Thousands of potential applicants -- including high school students -- may face challenges in taking the military's entrance exam after a pair of programs that put testers in high schools and remote testing sites were halted last week.

Marshall Smith, a spokesman for Military Entrance Processing Command, on Wednesday confirmed the halt to the programs that provided testing to about 65,000 applicants at remote locations last year. The shuttering could close off a key pool of recruits just as the services prepare for the summer and the busiest time of the year for recruiting[1].

Military.com on Tuesday first reported[2] that the command was shutting down its Military Entrance Testing program, which is designed to aid recruiting by offering the entrance exam, known as the Armed Services Vocational Aptitude Battery, or ASVAB[3], to potential recruits at closer locations and more convenient hours. 

Read Next: There's a New War Game for 'Nerds with a Drive for Violence.' It's Spreading Across the Marine Corps.[4]

Military.com spoke with a tester with the program from a state in the Deep South who was furloughed last week, and they were offered anonymity in order to share their experiences freely, without fear of retribution.

The tester's bosses told them ahead of the halt to the programs that they and their coworkers were all "critical to the mission" and that the office was "working for exemptions."

"Then I went to work on Thursday, and 17 minutes prior to the conclusion of my shift, I was suspended," they said.

Military recruiters are able to offer practice or abbreviated versions of the test at recruiting stations, but the official exam has to be conducted in a formal test-taking environment run by testers like the one who spoke with Military.com.

"We were testing over 1,000 people a month" and, in 2024, the tester said they tested "over 12,000 high school applicants within our region, which exceeded our goal."

When first asked about the halt to testing services, officials for Defense Secretary Pete Hegseth initially referred Military.com to a memo written by Darin Selnick, who is performing the duties of under secretary of defense for personnel and readiness, that was issued March 5[5] and restricted almost all civilian travel on government credit cards.

On Wednesday, officials in Hegseth's office still had no comment on the policy or its impacts on the testing programs aside from referring back to the travel memo.

Without details from the Pentagon, the full scope of the testing program shutdown is still unknown. But it comes at a critical time for military recruiting when all the services are trying to hold on to the gains they've made in dealing with serious shortfalls in recruiting over the last several years.

"We're right around the corner from the summer, and in the summer we get what you call the summer surge," the tester explained, adding that it's the time in the year when "everybody's out of school, everybody has a chance to take the test, everybody has a chance to go to basic training."

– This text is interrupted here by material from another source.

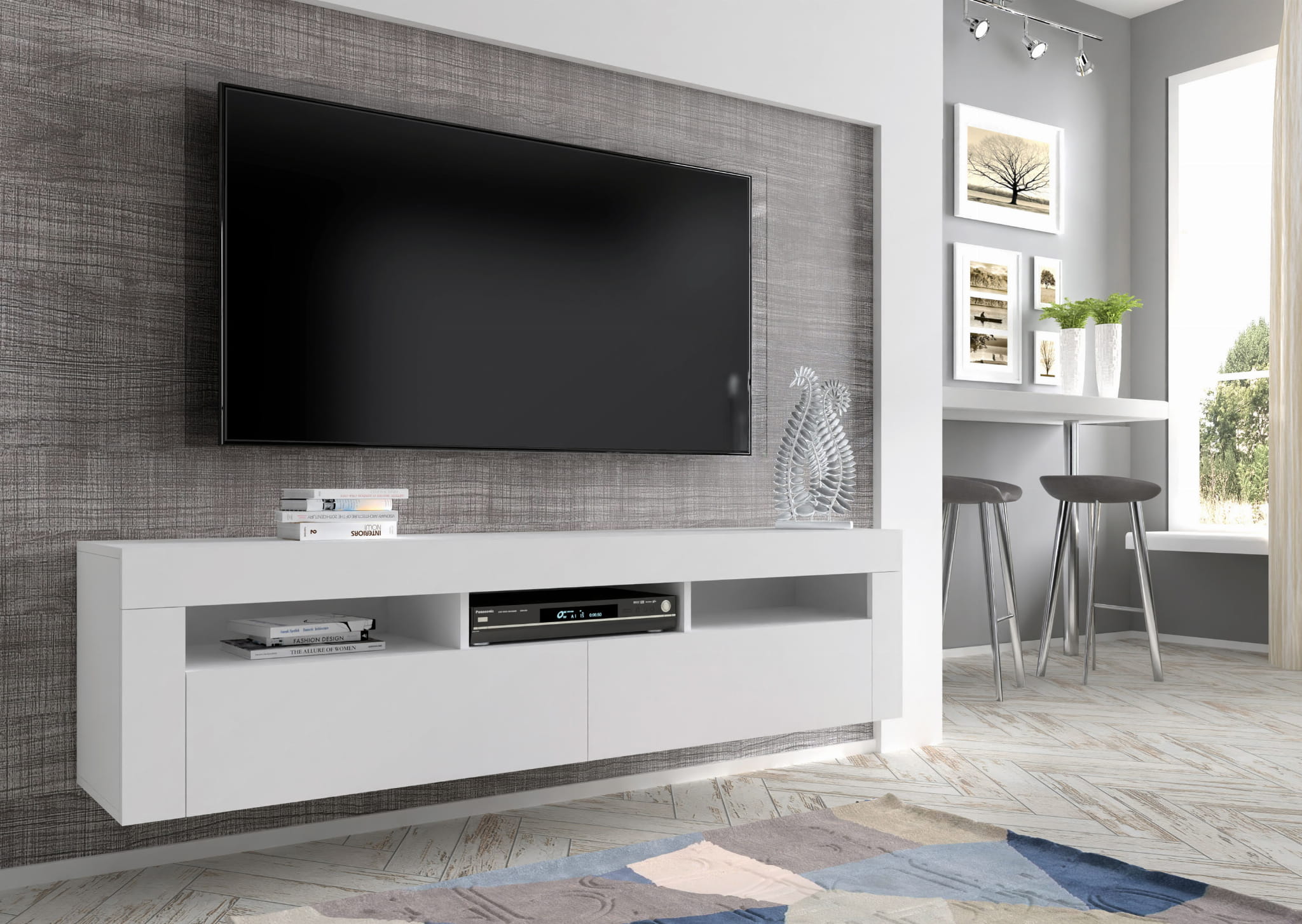 Funkcjonalność: Trzy otwarte półki idealne do przechowywania konsoli do gier, dekodera, książek czy innych drobiazgów, zapewniają łatwy dostęp do najczęściej używanych przedmiotów.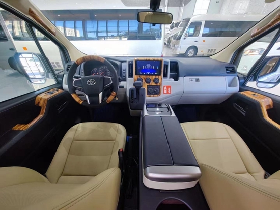 进口丰田海狮现车到店,改装9座真皮航空座椅,出游畅行舒适尽享,性能动力配置丰富,优惠袭来北京爆卖。丰田海狮作为一款豪华的商务面包车,集商务接待以及移动房车为一体,在现在的商务接待以及政府接待的市场上都深受欢迎,丰田海狮改装商务车也改装的神奇技能成为商务用车的佼佼者。

"For the services to meet their mission ... they require all the bodies that we had manning all these stations," they added.

The ASVAB is a critical, early step in that process because it determines a potential recruit's job opportunities in the military, their level of interest, and how valuable they are to any one service. 

It's also a key tool in getting high school students who may not be otherwise interested in military service to consider enlistment without the need for them to actually approach a recruiter.

The tester told Military.com that he and his colleagues didn't use government charge cards, which have also been capped at $1 by the Pentagon[6] as President Donald Trump and billionaire Elon Musk slash the department and other government agencies. They used their own cars and received reimbursement for mileage through vouchers.

Meanwhile, the military services appeared surprised and unaware of the move. 

Despite an official announcement of the testing program's halt on Friday, none of the recruiting commands were able on Wednesday to provide a statement on the effects.

The silence comes just weeks after the services all proudly touted their successes in meeting their annual recruiting goals and Hegseth cheered those successes[7] on social media[8].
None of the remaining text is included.